The idea of bars being a minefield of temptation was messed up, but infinitely more thrilling than the idea of a bar as a minefield of rejection. Because Lydia went to bars by herself. Here are our favorites in the city, and note that no, it is not a coincidence that most of these are in Murray Hill, the East Village, or Williamsburg, now the Murray Hill of Brooklyn. This wild Bushwick spot opened in and quickly established itself as a reliable way for Brooklyn revelers to wear insane costumes and lose their inhibitions just about every weekend. About ten years ago, Union Pool was the place in the greater Brooklyn area to find no-strings-attached sex and some-strings-attached cocaine.

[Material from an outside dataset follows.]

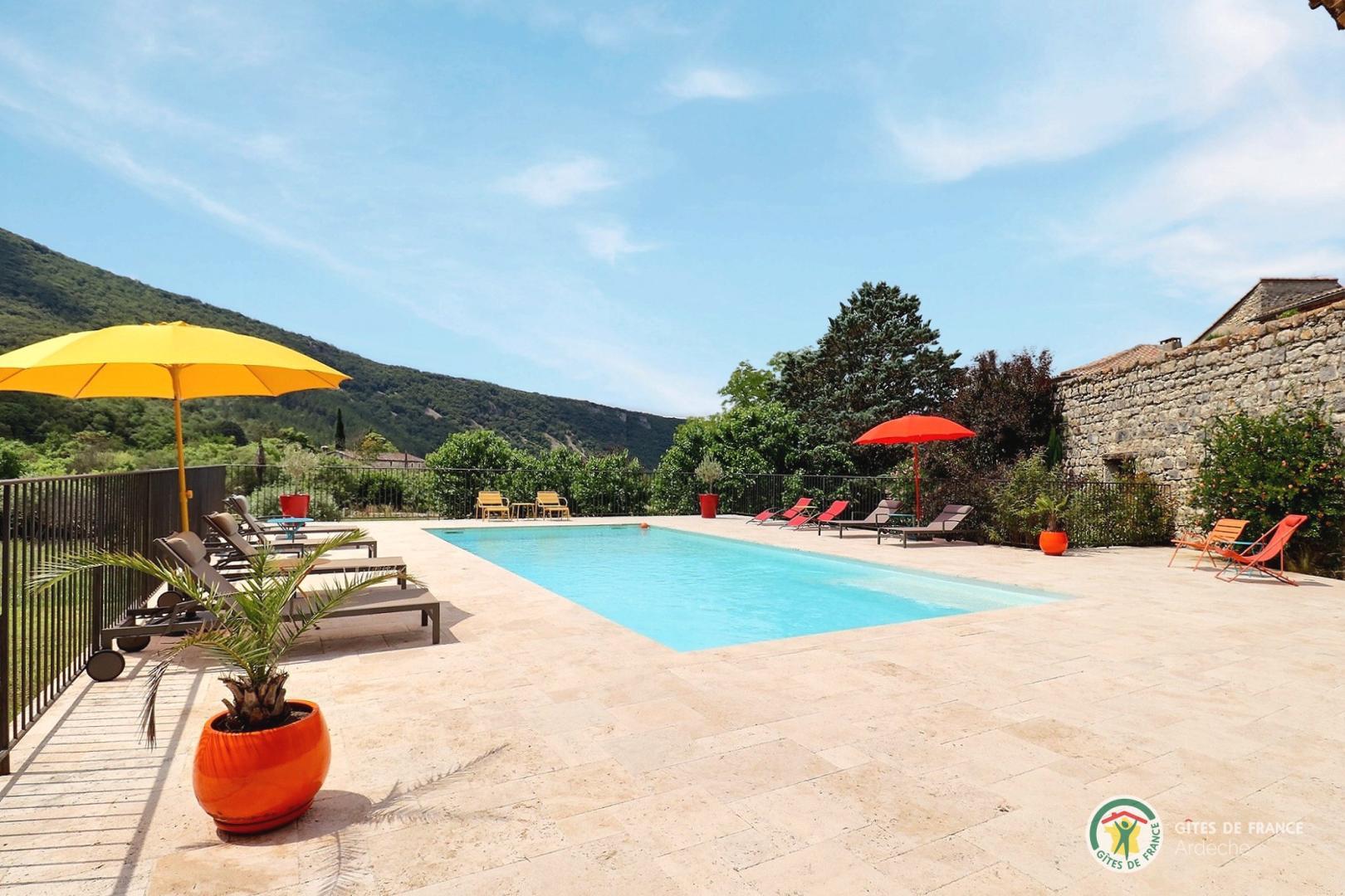 Grand gîte de caractère pour 6 pers situé dans une maison de village en pierres, dans le hameau des Salèlles, au coeur de la belle et sauvage Vallée de l'Ibie, aux portes de Vallon Pont d'Arc et de la Grotte Chauvet 2. Piscine à partager.

Our newsletter hand-delivers its best bits to your inbox. The sultry, boudoir-like vibes help rank it among your best bets for getting checked out, and you can check into a room upstairs if things get intimate. So, scary man-eating cat-mourner that I am, I set off into the night to see what happens when a lady rolls into a hookup bar alone. And so, when I was asked to go to some of New York City's top hookup bars by myself for the sake of this experiment, I took all of those complicated and, frankly, embarrassing feelings along with me. But somehow, going to bars alone to relax has never made it into my regular rotation.
This is supposed to be the life of a woman alone at a bar. The grassy, spacious outdoor area of this bumping Williamsburg hangout is an apt setting for a cold Bud and a house burger, finished with pickled onions, American cheese and special sauce. You find yourself willing surroundings to change.

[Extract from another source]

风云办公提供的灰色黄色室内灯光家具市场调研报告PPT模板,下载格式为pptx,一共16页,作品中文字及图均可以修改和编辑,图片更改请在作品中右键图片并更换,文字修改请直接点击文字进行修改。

Its magic, like its namesake, is in the way it heightens awareness. Share on Facebook Tweet this article Pin it Email. Are New Yorkers post-horny?

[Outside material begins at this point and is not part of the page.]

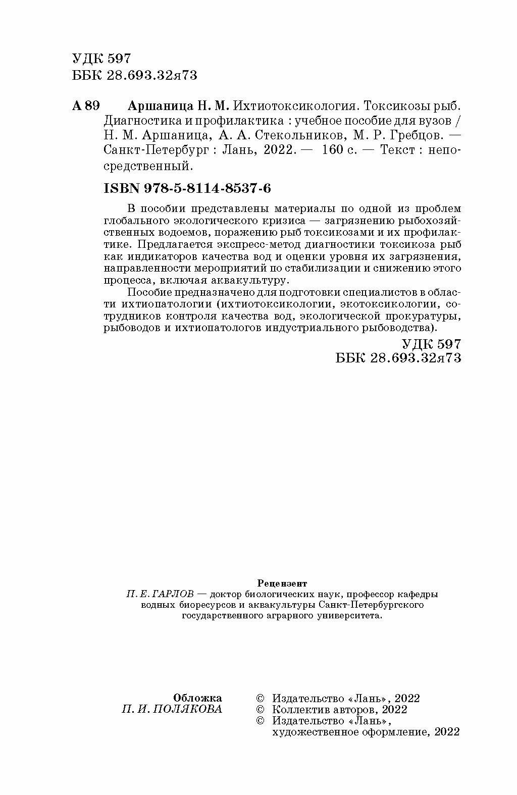 Ихтиотоксикология.Токсикозы рыб.Диагност.и профил. (Аршаница Николай Михайлович, Стекольников Александр Анатольевич, Гребцов Михаил Робертович); Лань, 2022

Across the street from Phebe's is this stylish, less debacherous boite. Germain, ginger beer, swedish fish, and lime for Pisces season. She pictured Lydia trading risk for approval on a grand scale, hooking up with every dude she met, receiving confirmation that she wasn't one of the ugly ones.
Like, when you have to pee? See if anyone talks to you. There are velvety booths, but also a homemade arcade game called Yo Fight My Mans and erratic art, including red sneakers dangling from the ceiling.
While I had met funny bartenders and chill bartenders in the past, I had never before encountered so many male bartenders who treated me tenderly, like a puppy with its leg in a cast. Metallic, domed hair dryers and original salon-style chairs lined up against a wall make for a hyper-specific retro aesthetic. Hot dudes aside, the Levee's got Big Buck Hunter, a dirty unisex bathroom hello and the aforementioned cheese balls, tall guy dating so there's plenty to enjoy even if you're not getting laid. Apathy and disconnectedness run rampant in this metropolis.
And yet, in my own life, going to a bar alone feels unseemly. Start your night with Puerto Rican lasagna and juicy white sangria. Surely, this wouldn't be the site of yet another lonely humiliation, right? It sometimes feels like the subtle art of the random bar hook-up has fallen by the wayside in the Age of Tinder, which is pretty much just a bar on the Internet without the fun and the booze.